Speaker at International Nutrition Research Conference 2021 - Igor Kralik
Faculty of Agrobiotechnical Sciences Osijek, China
Title : Efficiency and cost-effectiveness of producing eggs enriched with functional ingredients


Eggs are a significant source of nutrients used in the daily diet. The cost price of eggs of conventional composition is determined by their weight class. With increasing egg weight, the absolute proportions of albumen and egg yolk in grams increase, while the relative proportion of albumen increases and of egg yolk decreases in percentages. Consumers select eggs of various weight grades according to their preferences. Eggs enriched with functional ingredients, nutricines, are also available on the market. Due to their added nutritional value and bioactive compounds, such eggs are priced higher than conventional eggs. The paper presents the efficiency and cost-effectiveness of the production of eggs simultaneously enriched with polyunsaturated n-3 fatty acids, selenium, vitamin E and lutein compared to the production of conventional eggs.

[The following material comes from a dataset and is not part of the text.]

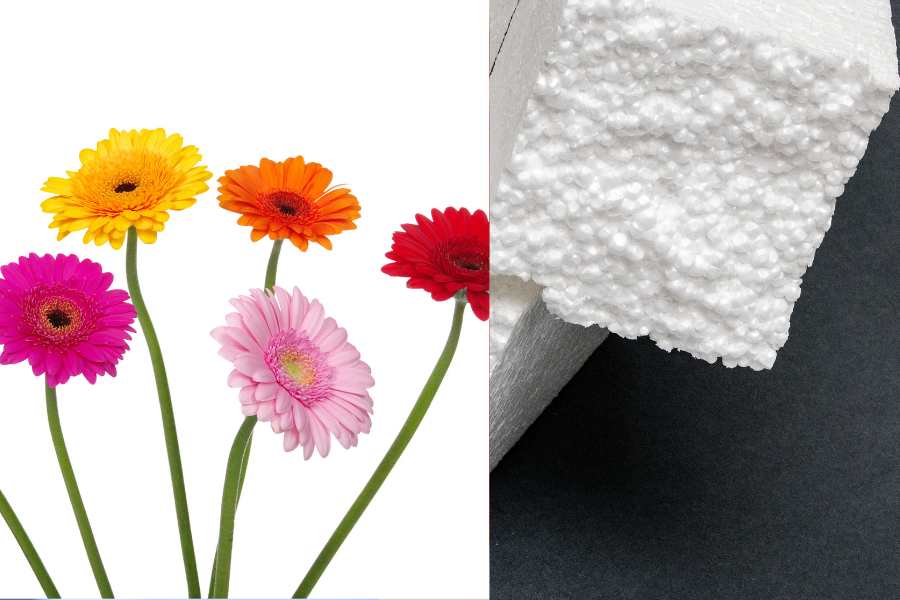 - Bước 1: Chuẩn bị một số bông hoa đồng tiền đầy đủ màu sắc, một miếng xốp và một ít lá mộc lan.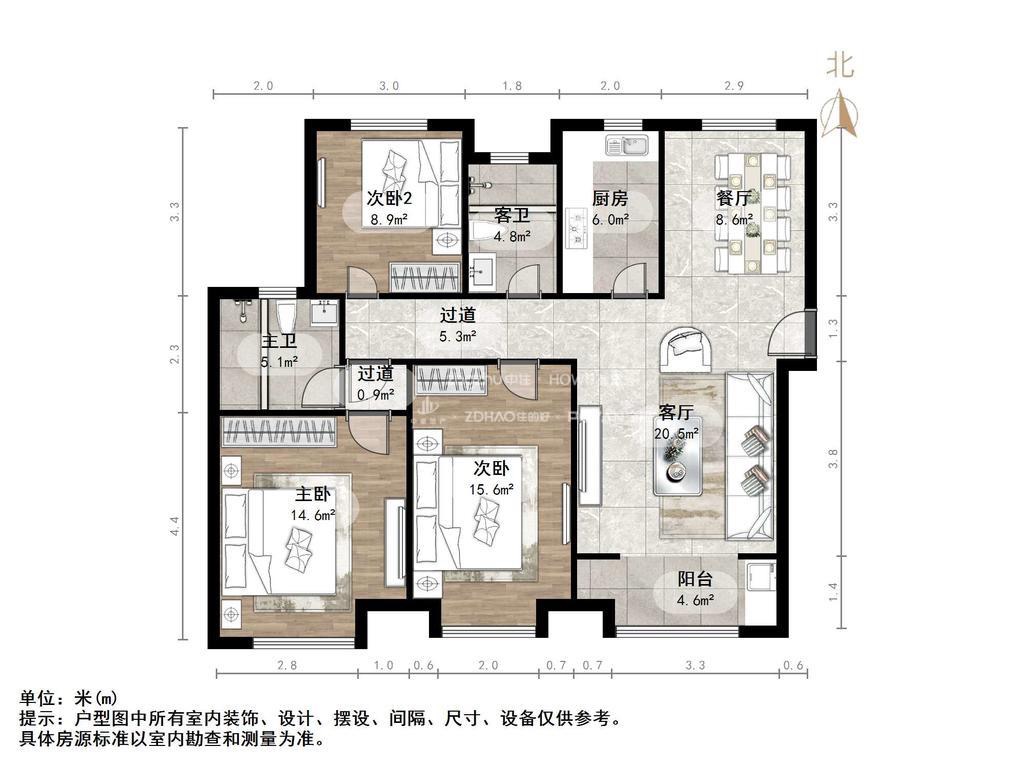 厅室3室2厅2卫1阳台

The designed eggs compared to eggs of conventional composition contained: αLNA 462:222 mg/100g of egg yolk, EPA 18.8:0.43 and DHA 486:170 mg/100 g of egg yolk. The total n-3 polyunsaturated fatty acids were 966.8:394 mg/100 g of egg yolk. Enriched eggs contained more selenium in albumen 0.143:0.053 µ/g per gram of egg yolk and in egg yolk 0.662:0.387 µ/g per gram, as well as vitamin E 19.82:12.5 µ/g per gram and lutein 104.95:12.44 µ/g per gram of egg yolk. The efficiency of enriching eggs with nutricines was as follows: 2.45 times for n-3 PUFAs, for selenium in albumen and egg yolk 2.69 and 1.71 times respectively, for vitamin E 1.58 times and for lutein 8.43 times. The economic analysis included revenue (value of eggs and culled laying hens) and expenditures (costs of feed, health care, services and more). The analysis shows gross profit, gross profit rates (%), as well as cost-effectiveness coefficients of producing eggs simultaneously enriched with nutricines and conventional eggs


Dr. Kralik studied at Faculty of Economics, Osijek. He then joined the research group of Prof. Tolusic at Department of Bioeconomics and Rural Development, Faculty of Agrobiotechnical Sciences Osijek (FAZOS) as young researcher. He received his PhD degree in 2011. at the same institution. He obtained the position of an Associate Professor at the FAZOS. His field of research are agricultural market, especially functional food market.